[PROVIDED RECORDS]:
Content starts
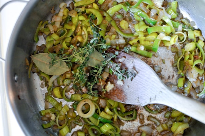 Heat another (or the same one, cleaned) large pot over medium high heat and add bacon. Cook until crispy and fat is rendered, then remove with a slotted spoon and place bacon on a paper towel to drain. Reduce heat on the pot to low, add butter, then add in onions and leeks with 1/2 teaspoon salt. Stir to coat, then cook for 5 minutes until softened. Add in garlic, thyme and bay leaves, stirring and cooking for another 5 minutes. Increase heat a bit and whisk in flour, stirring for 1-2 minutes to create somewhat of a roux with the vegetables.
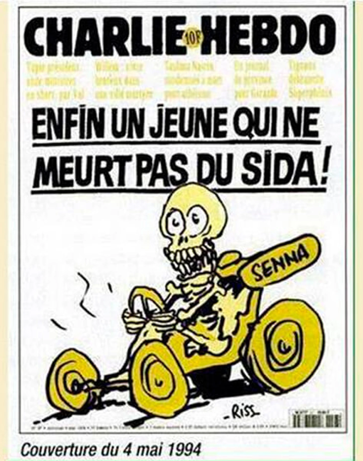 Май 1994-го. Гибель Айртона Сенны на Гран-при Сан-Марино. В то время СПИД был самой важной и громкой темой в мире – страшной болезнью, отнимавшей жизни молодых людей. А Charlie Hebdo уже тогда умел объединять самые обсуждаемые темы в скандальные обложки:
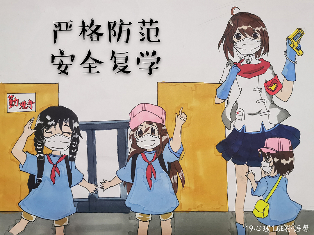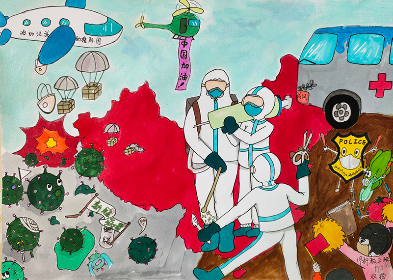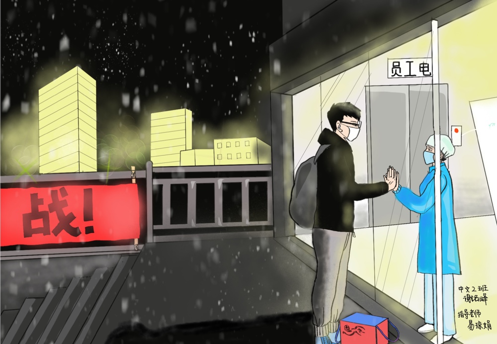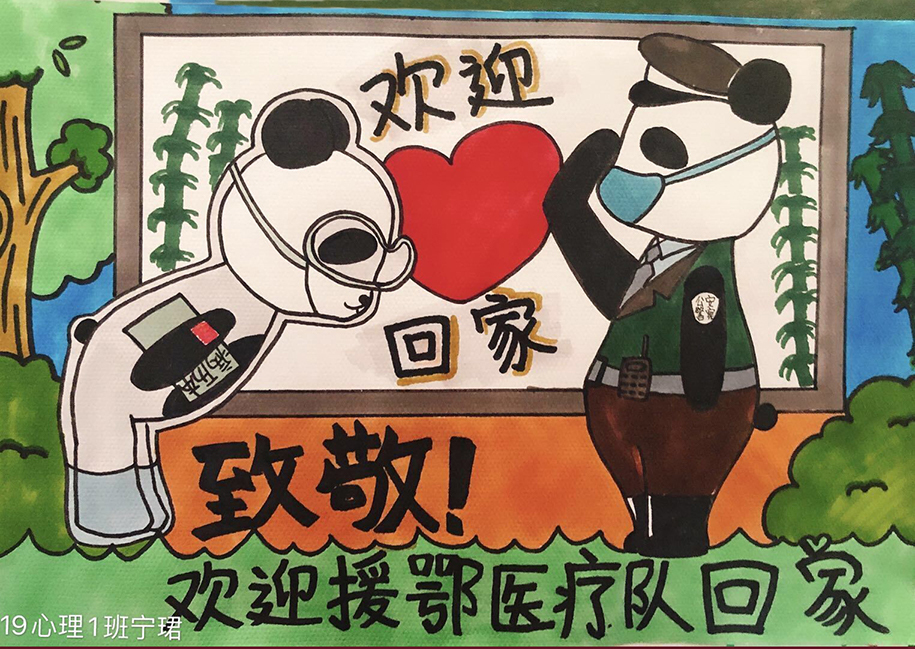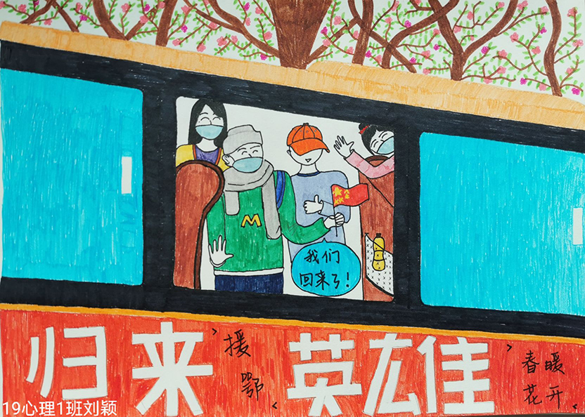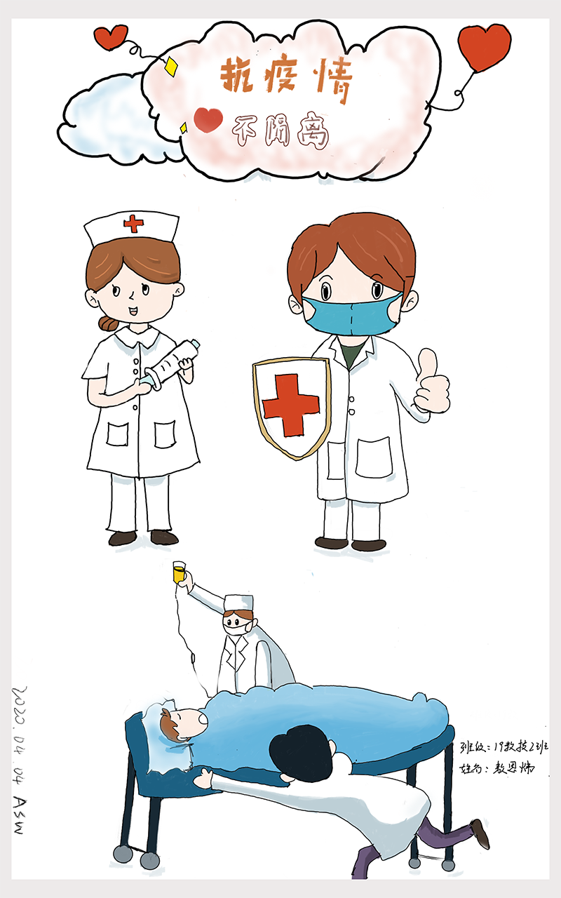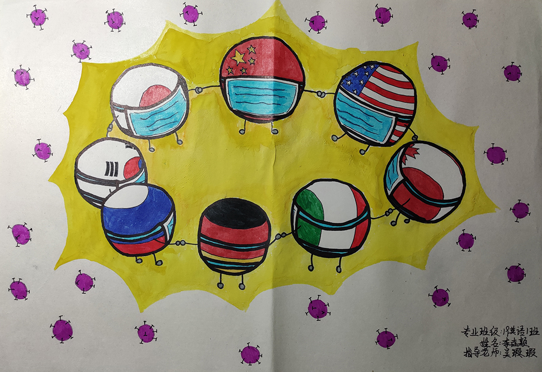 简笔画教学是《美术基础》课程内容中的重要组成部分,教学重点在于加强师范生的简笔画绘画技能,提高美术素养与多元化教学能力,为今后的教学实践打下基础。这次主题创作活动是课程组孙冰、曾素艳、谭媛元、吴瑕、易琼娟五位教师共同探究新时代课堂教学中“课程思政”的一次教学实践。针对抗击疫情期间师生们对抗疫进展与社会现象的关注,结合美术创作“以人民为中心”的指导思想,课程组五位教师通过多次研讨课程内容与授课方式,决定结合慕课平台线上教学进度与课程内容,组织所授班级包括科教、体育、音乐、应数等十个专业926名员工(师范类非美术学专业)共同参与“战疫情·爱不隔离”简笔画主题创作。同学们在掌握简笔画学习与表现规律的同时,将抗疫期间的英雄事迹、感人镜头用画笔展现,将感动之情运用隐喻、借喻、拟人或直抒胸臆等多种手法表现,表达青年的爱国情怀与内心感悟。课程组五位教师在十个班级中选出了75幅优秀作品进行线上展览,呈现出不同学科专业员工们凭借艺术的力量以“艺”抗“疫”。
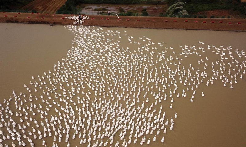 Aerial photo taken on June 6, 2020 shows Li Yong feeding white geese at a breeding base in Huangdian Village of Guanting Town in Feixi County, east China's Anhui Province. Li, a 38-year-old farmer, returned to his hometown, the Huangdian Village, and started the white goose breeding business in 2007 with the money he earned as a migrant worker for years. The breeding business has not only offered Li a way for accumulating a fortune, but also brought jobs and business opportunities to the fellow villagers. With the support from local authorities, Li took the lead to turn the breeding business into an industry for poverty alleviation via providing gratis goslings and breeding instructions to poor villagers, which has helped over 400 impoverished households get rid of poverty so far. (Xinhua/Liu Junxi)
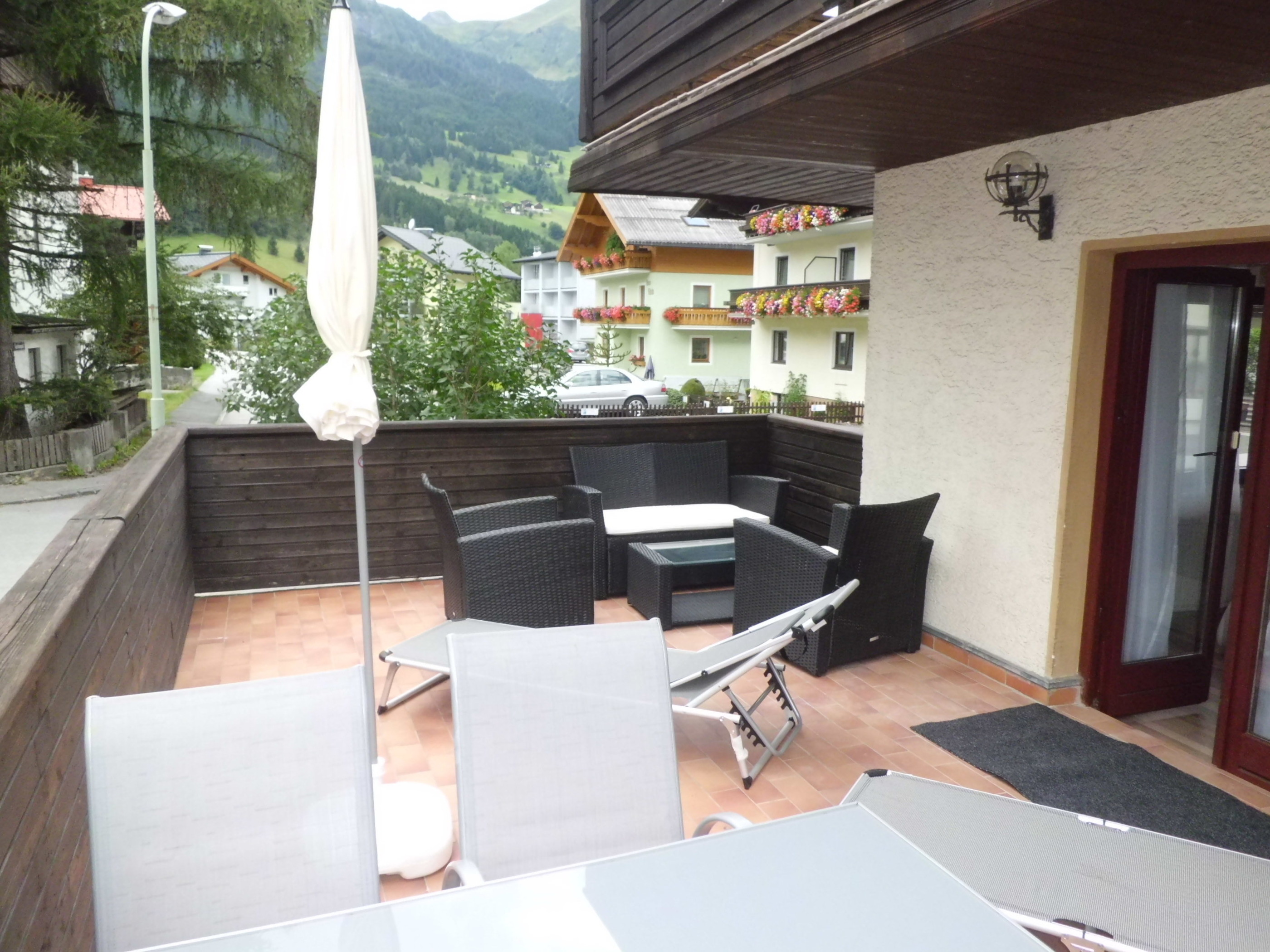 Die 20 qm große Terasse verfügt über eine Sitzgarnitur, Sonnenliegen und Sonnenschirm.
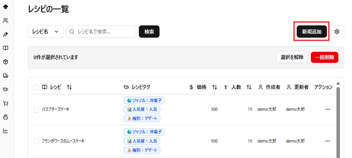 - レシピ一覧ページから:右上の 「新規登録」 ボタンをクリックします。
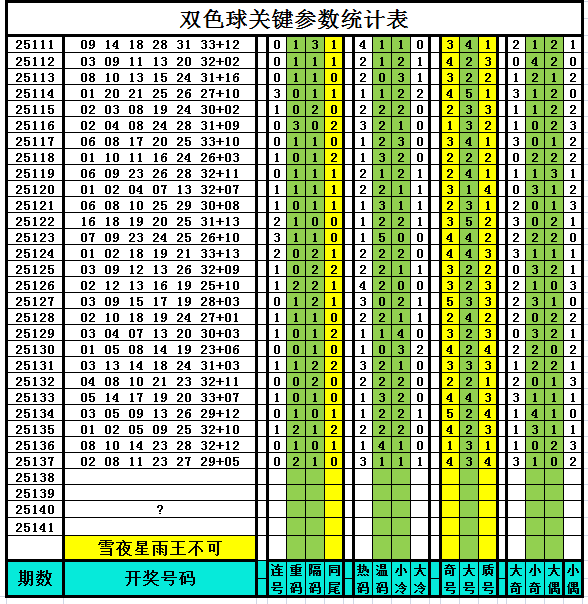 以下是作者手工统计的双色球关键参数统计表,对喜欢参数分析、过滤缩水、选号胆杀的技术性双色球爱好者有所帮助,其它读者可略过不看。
Content ends
[HOW TO COMPLETE THIS TASK]: Repeat each entry above word for word, leaving every picture out.

[RESULT OF THE TASK]:
 Heat another (or the same one, cleaned) large pot over medium high heat and add bacon. Cook until crispy and fat is rendered, then remove with a slotted spoon and place bacon on a paper towel to drain. Reduce heat on the pot to low, add butter, then add in onions and leeks with 1/2 teaspoon salt. Stir to coat, then cook for 5 minutes until softened. Add in garlic, thyme and bay leaves, stirring and cooking for another 5 minutes. Increase heat a bit and whisk in flour, stirring for 1-2 minutes to create somewhat of a roux with the vegetables.
 Май 1994-го. Гибель Айртона Сенны на Гран-при Сан-Марино. В то время СПИД был самой важной и громкой темой в мире – страшной болезнью, отнимавшей жизни молодых людей. А Charlie Hebdo уже тогда умел объединять самые обсуждаемые темы в скандальные обложки:
 简笔画教学是《美术基础》课程内容中的重要组成部分,教学重点在于加强师范生的简笔画绘画技能,提高美术素养与多元化教学能力,为今后的教学实践打下基础。这次主题创作活动是课程组孙冰、曾素艳、谭媛元、吴瑕、易琼娟五位教师共同探究新时代课堂教学中“课程思政”的一次教学实践。针对抗击疫情期间师生们对抗疫进展与社会现象的关注,结合美术创作“以人民为中心”的指导思想,课程组五位教师通过多次研讨课程内容与授课方式,决定结合慕课平台线上教学进度与课程内容,组织所授班级包括科教、体育、音乐、应数等十个专业926名员工(师范类非美术学专业)共同参与“战疫情·爱不隔离”简笔画主题创作。同学们在掌握简笔画学习与表现规律的同时,将抗疫期间的英雄事迹、感人镜头用画笔展现,将感动之情运用隐喻、借喻、拟人或直抒胸臆等多种手法表现,表达青年的爱国情怀与内心感悟。课程组五位教师在十个班级中选出了75幅优秀作品进行线上展览,呈现出不同学科专业员工们凭借艺术的力量以“艺”抗“疫”。
 Aerial photo taken on June 6, 2020 shows Li Yong feeding white geese at a breeding base in Huangdian Village of Guanting Town in Feixi County, east China's Anhui Province. Li, a 38-year-old farmer, returned to his hometown, the Huangdian Village, and started the white goose breeding business in 2007 with the money he earned as a migrant worker for years. The breeding business has not only offered Li a way for accumulating a fortune, but also brought jobs and business opportunities to the fellow villagers. With the support from local authorities, Li took the lead to turn the breeding business into an industry for poverty alleviation via providing gratis goslings and breeding instructions to poor villagers, which has helped over 400 impoverished households get rid of poverty so far. (Xinhua/Liu Junxi)
 Die 20 qm große Terasse verfügt über eine Sitzgarnitur, Sonnenliegen und Sonnenschirm.
 - レシピ一覧ページから:右上の 「新規登録」 ボタンをクリックします。
 以下是作者手工统计的双色球关键参数统计表,对喜欢参数分析、过滤缩水、选号胆杀的技术性双色球爱好者有所帮助,其它读者可略过不看。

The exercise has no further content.